<!--
SPDX-FileCopyrightText: 2026 Arcangelo Massari <arcangelo.massari@unibo.it>

SPDX-License-Identifier: ISC
-->

# Merge history

This script reconstructs the history of merged entities by analyzing provenance data. It finds all entities that were merged and traces the chain of merges.

## Usage

```bash
uv run python -m oc_meta.run.find.merged_entities -c <META_CONFIG> -o <OUTPUT_CSV> --entity-type <TYPE> [OPTIONS]
```

| Option | Default | Description |
|--------|---------|-------------|
| `-c, --config` | - | Path to Meta config file |
| `-o, --output` | - | Output CSV file |
| `--entity-type` | - | Entity type: `br`, `ra`, `id`, `ar`, `re` |
| `--workers` | 4 | Parallel workers |

## Examples

Find all merged bibliographic resources:

```bash
uv run python -m oc_meta.run.find.merged_entities \
  -c meta_config.yaml \
  -o merged_brs.csv \
  --entity-type br \
  --workers 8
```

Find merged responsible agents:

```bash
uv run python -m oc_meta.run.find.merged_entities \
  -c meta_config.yaml \
  -o merged_ras.csv \
  --entity-type ra
```

## Output format

```text
surviving_entity,merged_entities
https://w3id.org/oc/meta/br/060/1,https://w3id.org/oc/meta/br/060/2; https://w3id.org/oc/meta/br/060/3
https://w3id.org/oc/meta/br/060/100,https://w3id.org/oc/meta/br/060/101
```

## How it works

The script scans provenance files (`se.zip`) and looks for snapshots with `prov:wasDerivedFrom` pointing to 2+ sources—this indicates a merge operation.

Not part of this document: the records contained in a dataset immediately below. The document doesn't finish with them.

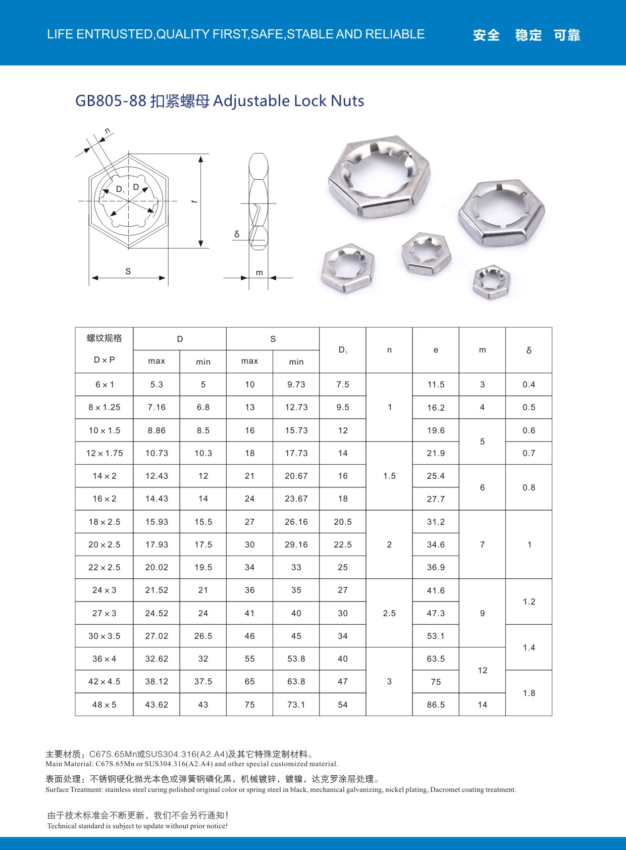 國標GB805扣緊螺母,65MN材質/硬化達克羅涂層處理!采用沖壓工藝,常用M6-M48型號都有現貨!JYD品牌扣緊螺母品質相對專業,功能及外觀與一般性市面扣緊螺母有明顯品質差別!歡迎索取樣品比較!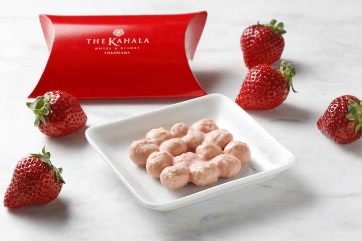 ●ザ・カハラ・ホテル&リゾート 横浜 マカダミアナッツチョコレート ストロベリーフレーバー[100個/日限定] THE KAHALA HOTEL & RESORTを代表する「マカダミアナッツチョコレート」。フランス「ヴァローナ社」のチョコレートとオーストラリア産マカダミアナッツを使用したホテルのシグネチャー商品です。期間限定の「ストロベリーフレーバー」はマカダミアナッツの甘みとストロベリーの甘酸っぱさが楽しめます。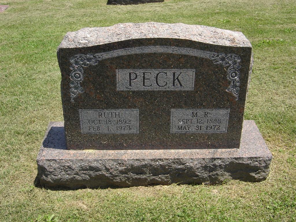 | PECK, Ruth (WHEELER) | Oct. 18, 1892 | Feb. 1, 1974 | SSW: Manford Ray - Research Note: Daughter of Theodore Egbert Wheeler and Ann Mary (Kritser) (Wheeler) Harvey. Manford R. Peck, age 36, married Ruth Wheeler, age 32, on May 22, 1925 in Jackson Co., MO. | MO Marriage Records Phyllis Long Photo BCG and HS |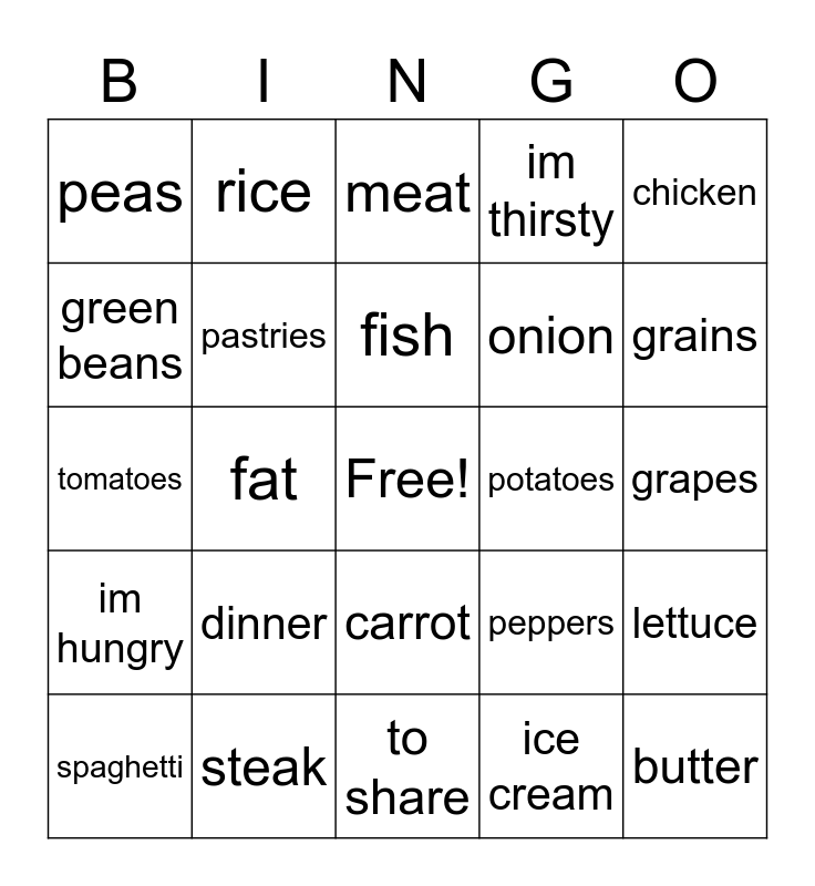 This bingo card has a free space and 24 words: dinner, steak, fish, spaghetti, chicken, peas, green beans, rice, potatoes, carrot, onion, tomatoes, peppers, lettuce, pastries, ice cream, grapes, meat, grains, fat, butter, im hungry, im thirsty and to share.

For each merge snapshot:

1. Extracts the surviving entity from `prov:specializationOf`
2. Extracts merged entities from `prov:wasDerivedFrom` sources (excluding the surviving entity itself)

It then reconstructs chains: if A was merged into B, and B was later merged into C, the script reports C as the final surviving entity for both A and B.